A not-so-quick post about converting a tab chart in Excel into an HTML table in a jiffy (toward the end), and more detailed info about how and why I made the table to begin with. ...

Yesterday I wrote a blog post comparing the success of Big 12 NCAA football teams against the betting line. I was interested in the data because this weekend the University of Texas (my alma mater, FWIW) is favored by 8 points over Kansas State, which seems absurd. Texas -- a team that has really only seen success when running the ball this year -- will probably be down to their fourth-string running back. Their quarterback hasn't done that well when taking to the air and will most likely be missing his best receiver. Kansas State, on the other hand, is clearly a running team that knows how to pound the ball and find a win.

I guess Vegas has to set the line to counter a bunch of Texas homers who bet on UT even though they will most likely lose?
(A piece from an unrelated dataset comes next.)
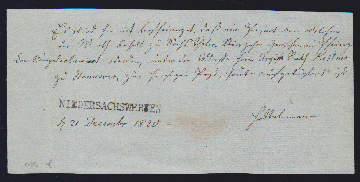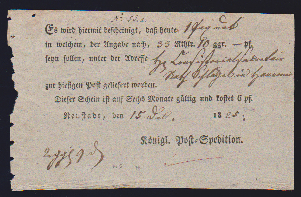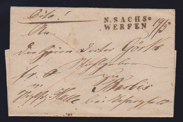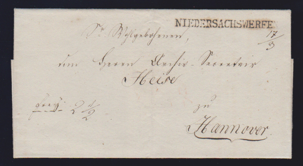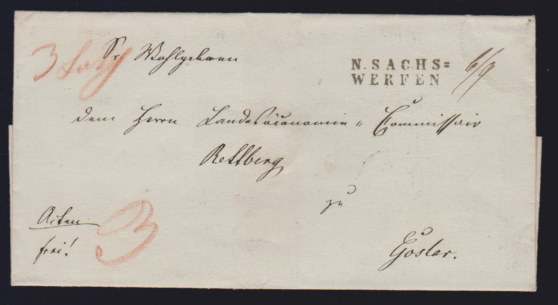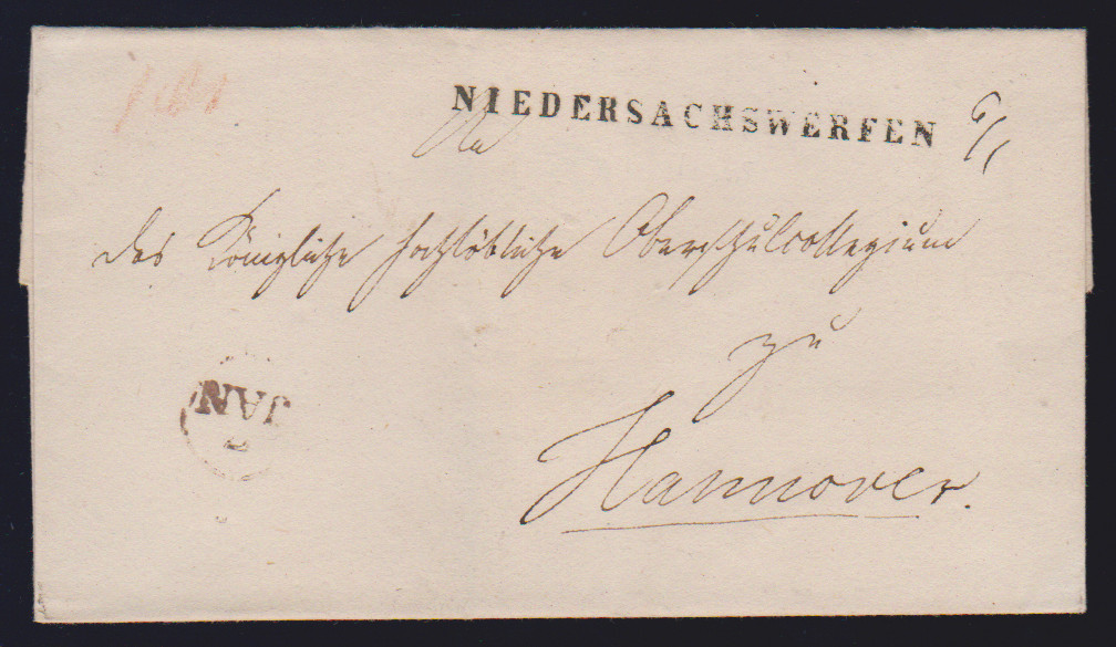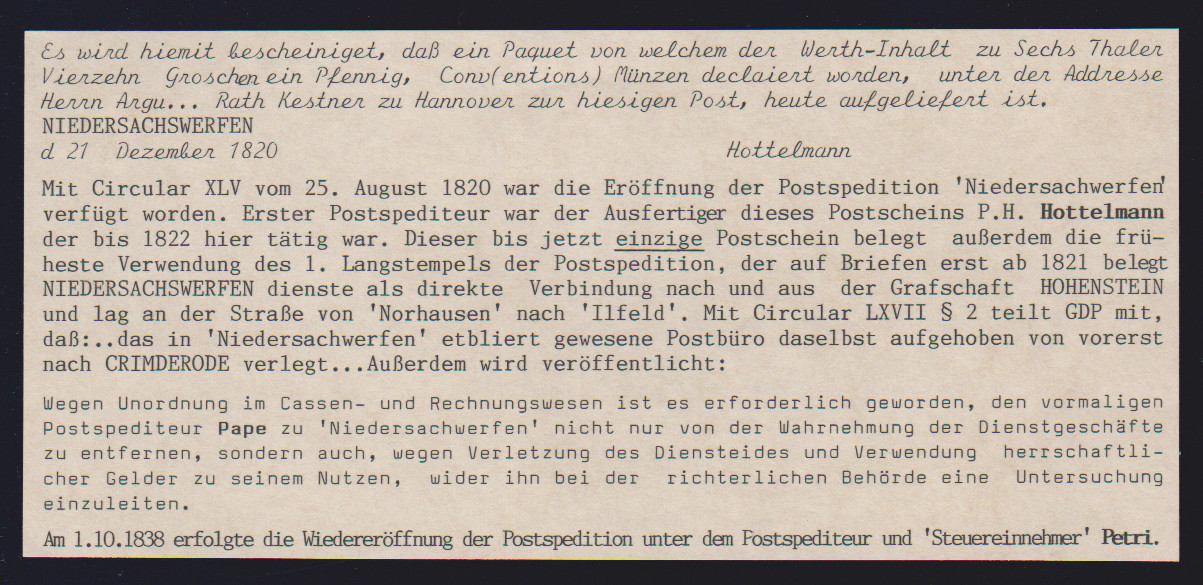 "Niedersachswerfen", 1820, 21.12., großer L1 (ArGe 01) klar auf hs. Postschein, ferner "N:SACHSWFEN.", sowie N.SACHS=WERFEN, L1 bzw. L2 klar auf drei dek. Briefhüllen nach Goslar (Postspedition eröffnet am 25.8.1820)

I dunno ... I don't follow betting much, but I did find a comment on talk radio interesting that Kansas State "doesn't get respect" in Vegas. I decided to see how they fare against the line, along with other Big 12 teams.

I found the data on and put it into a spreadsheet, using text-to-columns to clean up the data, including separating the Line column to have the W and L away from the point spread, which I didn't think I wanted to show.

At first I thought I would do a fever chart with teams in different color lines but couldn't figure out a good way to do it, so I put in a call to Matt Stiles to talk out what might be the best way to visualize this. He, of course, went immediately to the best answer of a simple chart with the teams as columns, the weeks as rows and the data points as the wins & losses.

Once I saw that in my head (and in an Excel example) I knew I could pull that off myself with a pivot table. Maybe I did it the hard way, but I knew I needed values for the wins and losses vs. the line, so I created new rows and used  the IF string command to convert them to numbers. I use the formula =IF(G2="W",1,0) which said if the cell is a W then make write the number 1, if not, write 0. This means only wins would be counted when I created my pivot table.

I discovered during the writing of this post that the IF statement wasn't a good one. There was one game that didn't have a line, which had "N" as a value. That ended up being counted as a loss with a zero. A better formula is =IF(G3="W",1,(IF(G3="N","N",0))) which says if the value is W, make it a 1. If not, check if the value is N and make it N, if not, make it 0 (which is all the L's)

I did the table with my columns as the teams, the rows as the weeks and my data points as the new 1/0 column. This allowed me to add up the wins vs. the line per team, then I manually ranked them from left to right.

To make it pretty and readable, I copied the values of my pivot table into a new sheet, then searched/replaced the 1 for Ws, the 0s for Ls and the blanks for Ns. I also color coded it in Excel, but really had to do that again later. It's about here I'm thinking, how am I going to show this online? Take a screenshot of my pretty Excel spreadsheet? That could work, but probably not the best way.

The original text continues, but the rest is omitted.